(TASK PROMPT): Would you please repeat, word for word, only the lines from the one holding "北京时间8月6日10:00,2023年澳" through the one holding "This 9ct Gold" in the material below, without the pictures?
[DATA SHOWN Boundary: Start]
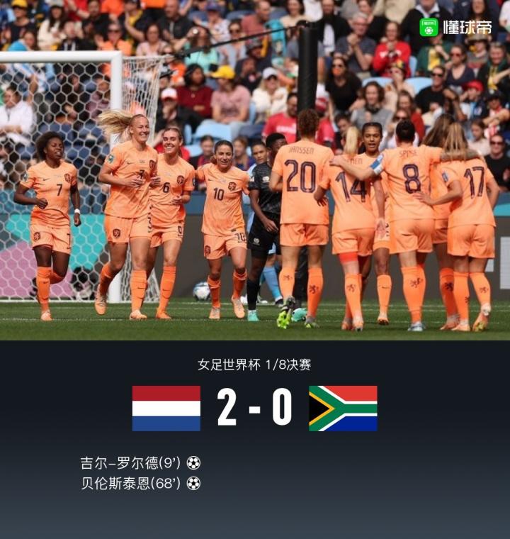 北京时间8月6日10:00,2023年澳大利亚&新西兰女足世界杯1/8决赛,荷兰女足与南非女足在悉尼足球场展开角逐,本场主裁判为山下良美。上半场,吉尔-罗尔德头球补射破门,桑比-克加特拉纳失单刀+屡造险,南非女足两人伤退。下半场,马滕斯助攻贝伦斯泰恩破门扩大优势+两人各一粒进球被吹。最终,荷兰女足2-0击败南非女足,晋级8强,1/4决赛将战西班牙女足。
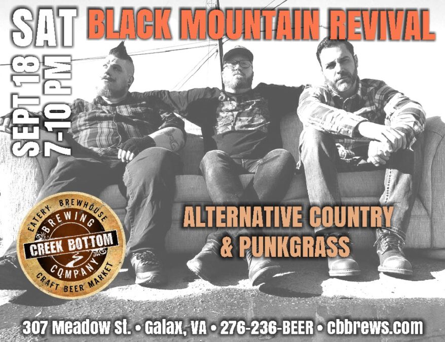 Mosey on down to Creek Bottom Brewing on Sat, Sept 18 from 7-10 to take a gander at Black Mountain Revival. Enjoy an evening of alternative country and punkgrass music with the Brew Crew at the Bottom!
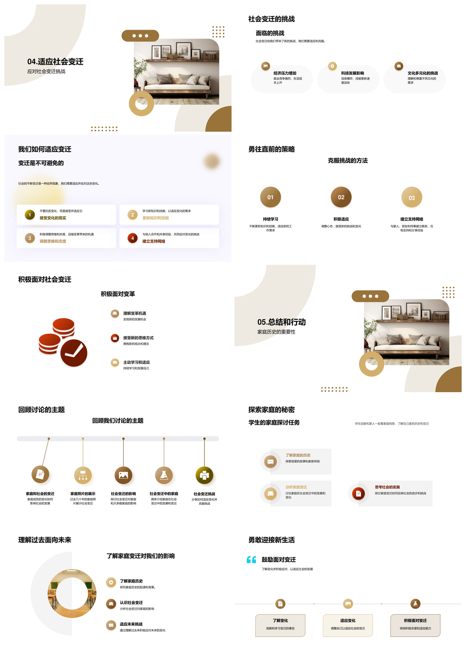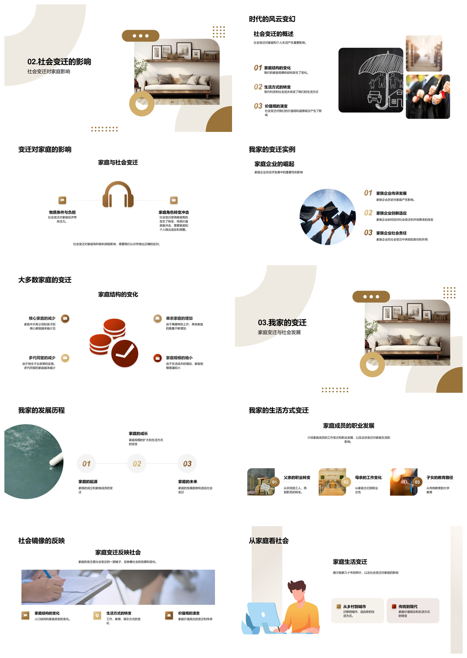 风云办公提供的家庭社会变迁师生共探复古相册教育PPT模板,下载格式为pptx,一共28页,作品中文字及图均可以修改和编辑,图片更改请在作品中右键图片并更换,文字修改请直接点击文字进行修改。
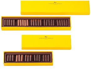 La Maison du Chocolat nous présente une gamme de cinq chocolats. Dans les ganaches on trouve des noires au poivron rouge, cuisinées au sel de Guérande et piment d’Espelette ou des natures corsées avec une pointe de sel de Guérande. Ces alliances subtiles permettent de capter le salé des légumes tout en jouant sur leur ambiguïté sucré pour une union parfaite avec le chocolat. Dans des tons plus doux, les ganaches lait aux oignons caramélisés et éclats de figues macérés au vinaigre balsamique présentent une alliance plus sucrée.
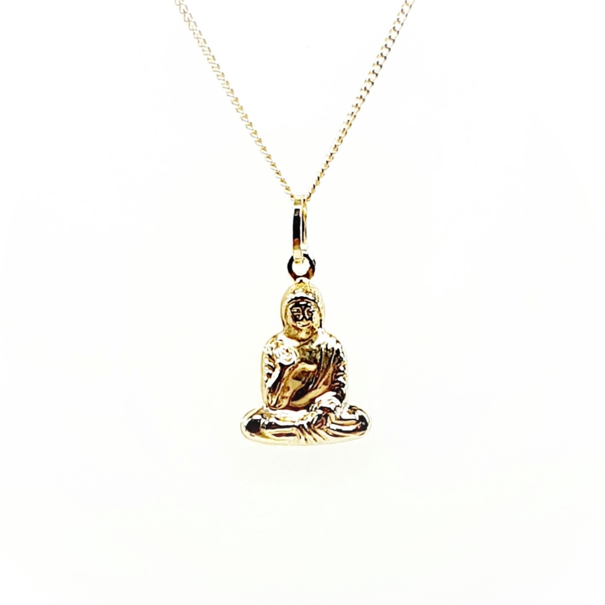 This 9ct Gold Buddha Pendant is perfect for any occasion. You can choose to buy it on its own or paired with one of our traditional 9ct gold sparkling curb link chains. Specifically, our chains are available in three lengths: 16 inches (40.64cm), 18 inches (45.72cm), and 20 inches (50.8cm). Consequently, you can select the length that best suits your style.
[DATA SHOWN Boundary: End]
[DATA SHOWN Boundary: Start]
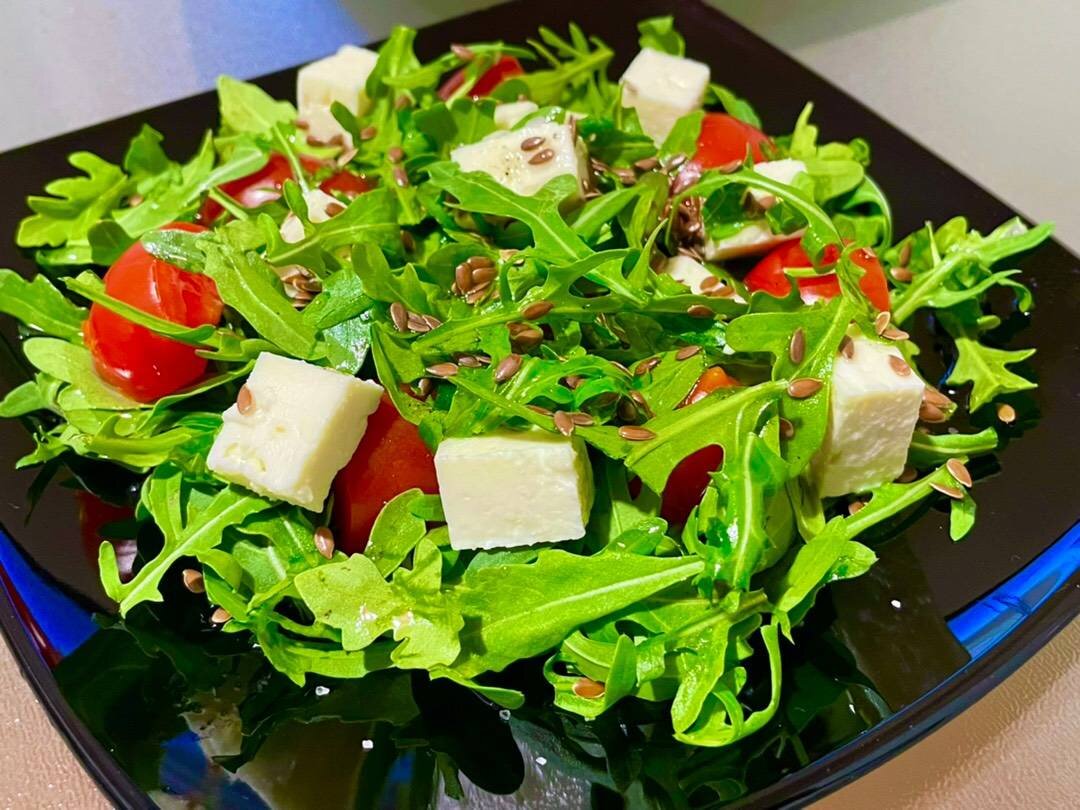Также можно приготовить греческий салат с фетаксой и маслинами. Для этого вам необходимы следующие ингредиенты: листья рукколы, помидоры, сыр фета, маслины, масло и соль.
[DATA SHOWN Boundary: End]
[DATA SHOWN Boundary: Start]
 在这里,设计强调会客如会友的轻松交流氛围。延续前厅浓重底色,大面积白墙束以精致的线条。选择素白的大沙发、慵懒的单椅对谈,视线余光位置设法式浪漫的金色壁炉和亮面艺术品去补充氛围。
[DATA SHOWN Boundary: End]
(TASK ANSWER):
 北京时间8月6日10:00,2023年澳大利亚&新西兰女足世界杯1/8决赛,荷兰女足与南非女足在悉尼足球场展开角逐,本场主裁判为山下良美。上半场,吉尔-罗尔德头球补射破门,桑比-克加特拉纳失单刀+屡造险,南非女足两人伤退。下半场,马滕斯助攻贝伦斯泰恩破门扩大优势+两人各一粒进球被吹。最终,荷兰女足2-0击败南非女足,晋级8强,1/4决赛将战西班牙女足。
 Mosey on down to Creek Bottom Brewing on Sat, Sept 18 from 7-10 to take a gander at Black Mountain Revival. Enjoy an evening of alternative country and punkgrass music with the Brew Crew at the Bottom!
 风云办公提供的家庭社会变迁师生共探复古相册教育PPT模板,下载格式为pptx,一共28页,作品中文字及图均可以修改和编辑,图片更改请在作品中右键图片并更换,文字修改请直接点击文字进行修改。
 La Maison du Chocolat nous présente une gamme de cinq chocolats. Dans les ganaches on trouve des noires au poivron rouge, cuisinées au sel de Guérande et piment d’Espelette ou des natures corsées avec une pointe de sel de Guérande. Ces alliances subtiles permettent de capter le salé des légumes tout en jouant sur leur ambiguïté sucré pour une union parfaite avec le chocolat. Dans des tons plus doux, les ganaches lait aux oignons caramélisés et éclats de figues macérés au vinaigre balsamique présentent une alliance plus sucrée.
 This 9ct Gold Buddha Pendant is perfect for any occasion. You can choose to buy it on its own or paired with one of our traditional 9ct gold sparkling curb link chains. Specifically, our chains are available in three lengths: 16 inches (40.64cm), 18 inches (45.72cm), and 20 inches (50.8cm). Consequently, you can select the length that best suits your style.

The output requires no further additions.